EXERCISE DESCRIPTION: Everything from the line holding "Taglierina multifunzione a" to the end of the listing below should be copied exactly, line for line, minus the pictures.

***** DATA

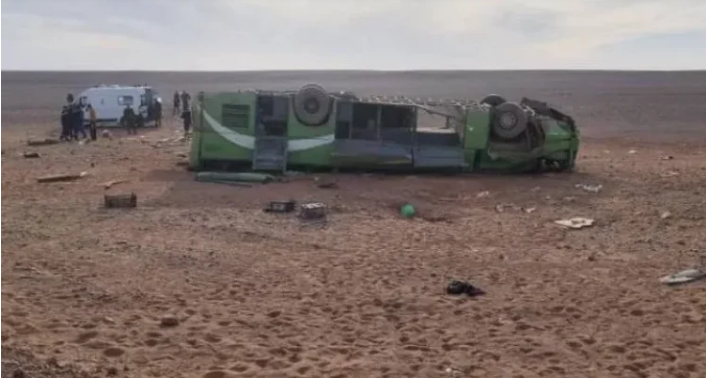 الرئيسيةمجتمع الجزائر: حادث انقلاب حافلة يسفر عن 14 قتــ.يلا و34 مصـ.ابا بواسطة ماطر نيوز في 7 ديسمبر 2025 شاركها توفي 14 شخصا وأصيب 34 آخرون السبت في انقلاب حافلة لنقل المسافرين في جنوب الجزائر، وفق ما أفاد بيان للدفاع المدني. وأظهرت صور نشرتها وسائل إعلام محلية الحافلة منقلبة على سقفها إلى جانب طريق في بلدة تبلبالة، على بُعد نحو 400 كيلومتر جنوب مدينة بشار، في جنوب البلاد. وانحرفت الحافلة التي كانت تقل ركابا وانقلبت أثناء سيرها على الطريق السريع الذي يربط مدينتي بشار وتندوف، في أقصى جنوب الجزائر. وأعرب الرئيس عبد المجيد تبون عن حزنه الشديد للحادث، مقدما تعازيه لأسر الضحايا. ويعد هذا الحادث المروري الأكثر دموية منذ أوت 2025 عندما انحرفت حافلة تقل ركابا في واد قرب الجزائر العاصمة، ما أسفر عن مقتل 18 شخصا. -أ ف ب- شاركها FacebookTwitterWhatsAppPinterestالبريد الإلكترونيPrint
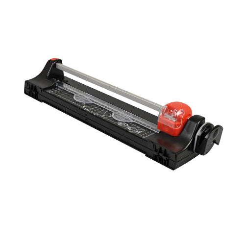 Taglierina multifunzione a rotella. Struttura e piano in metallo prestampato con formati DIN.
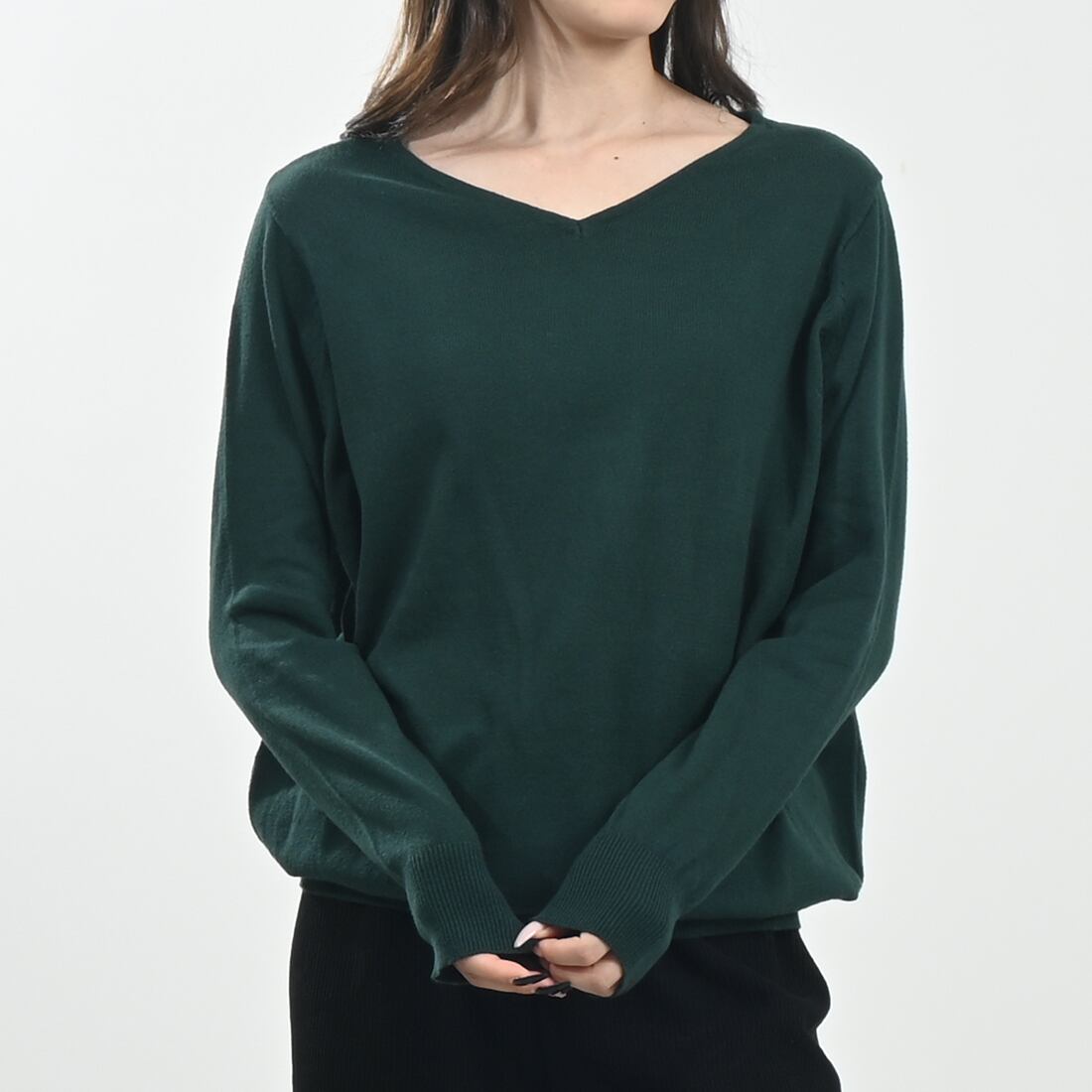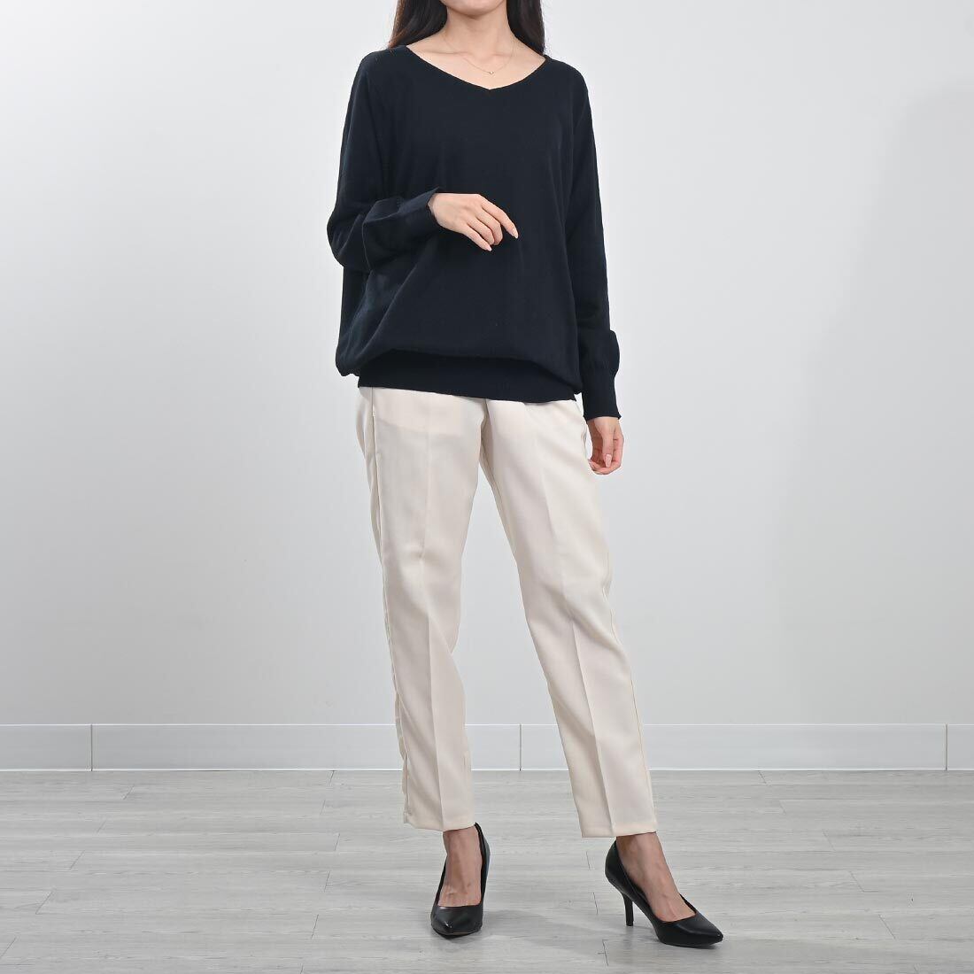 ふんわりとした着心地が嬉しいシンプルなVネックニットです。

**********

WRITTEN ANSWER:
 Taglierina multifunzione a rotella. Struttura e piano in metallo prestampato con formati DIN.
 ふんわりとした着心地が嬉しいシンプルなVネックニットです。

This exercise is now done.